**EXERCISE BRIEF**
Among the entries below, the lines from the one with "Konteynerlere Türk bayrağı" up to and including the one with "Taktická LED svítilna" are to be restated exactly, without pictures.

[[ MATERIAL FOR THIS EXERCISE, beginning ]]

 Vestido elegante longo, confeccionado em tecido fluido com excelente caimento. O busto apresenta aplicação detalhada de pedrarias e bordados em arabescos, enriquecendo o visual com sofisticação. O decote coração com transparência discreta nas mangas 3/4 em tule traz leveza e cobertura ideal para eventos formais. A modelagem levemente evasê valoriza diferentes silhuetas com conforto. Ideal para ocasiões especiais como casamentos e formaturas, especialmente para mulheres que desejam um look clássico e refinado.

[[ MATERIAL FOR THIS EXERCISE, end ]]
[[ MATERIAL FOR THIS EXERCISE, beginning ]]

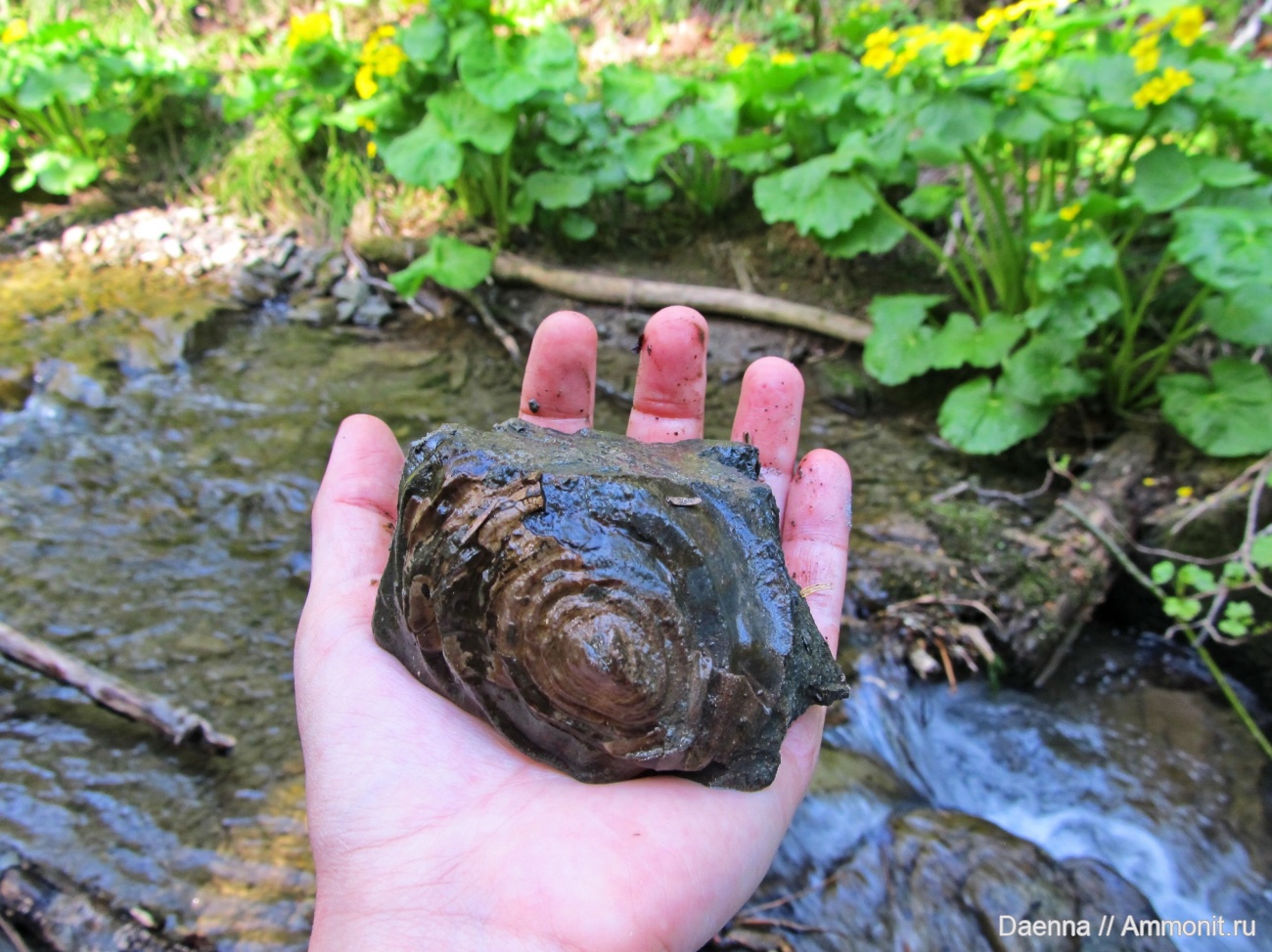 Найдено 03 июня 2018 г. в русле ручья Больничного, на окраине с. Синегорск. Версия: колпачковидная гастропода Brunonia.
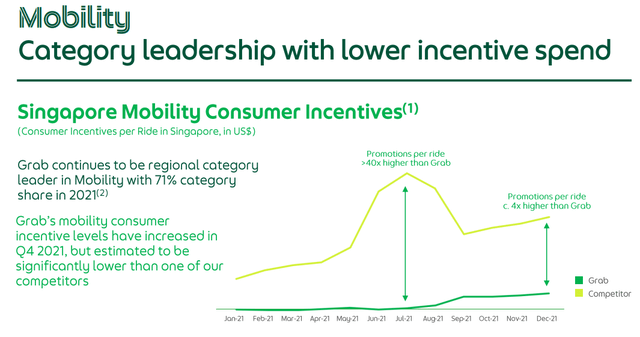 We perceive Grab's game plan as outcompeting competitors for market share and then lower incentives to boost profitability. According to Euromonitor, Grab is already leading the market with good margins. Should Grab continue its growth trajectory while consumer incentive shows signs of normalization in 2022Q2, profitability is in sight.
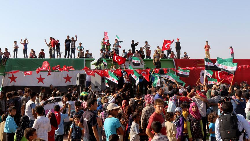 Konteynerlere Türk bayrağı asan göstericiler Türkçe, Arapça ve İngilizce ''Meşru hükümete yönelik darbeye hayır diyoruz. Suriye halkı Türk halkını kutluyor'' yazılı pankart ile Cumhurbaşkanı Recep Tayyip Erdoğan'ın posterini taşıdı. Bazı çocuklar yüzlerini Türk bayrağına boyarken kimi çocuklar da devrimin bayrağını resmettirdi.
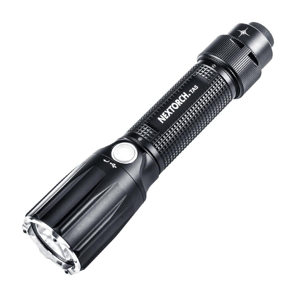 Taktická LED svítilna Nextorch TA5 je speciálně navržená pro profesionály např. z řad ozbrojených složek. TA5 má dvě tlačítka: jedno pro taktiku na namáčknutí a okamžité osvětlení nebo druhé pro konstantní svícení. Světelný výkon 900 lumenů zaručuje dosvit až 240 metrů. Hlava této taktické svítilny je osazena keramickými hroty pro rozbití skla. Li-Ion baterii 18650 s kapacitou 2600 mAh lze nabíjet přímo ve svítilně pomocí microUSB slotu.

[[ MATERIAL FOR THIS EXERCISE, end ]]

**REPLY**
 Konteynerlere Türk bayrağı asan göstericiler Türkçe, Arapça ve İngilizce ''Meşru hükümete yönelik darbeye hayır diyoruz. Suriye halkı Türk halkını kutluyor'' yazılı pankart ile Cumhurbaşkanı Recep Tayyip Erdoğan'ın posterini taşıdı. Bazı çocuklar yüzlerini Türk bayrağına boyarken kimi çocuklar da devrimin bayrağını resmettirdi.
 Taktická LED svítilna Nextorch TA5 je speciálně navržená pro profesionály např. z řad ozbrojených složek. TA5 má dvě tlačítka: jedno pro taktiku na namáčknutí a okamžité osvětlení nebo druhé pro konstantní svícení. Světelný výkon 900 lumenů zaručuje dosvit až 240 metrů. Hlava této taktické svítilny je osazena keramickými hroty pro rozbití skla. Li-Ion baterii 18650 s kapacitou 2600 mAh lze nabíjet přímo ve svítilně pomocí microUSB slotu.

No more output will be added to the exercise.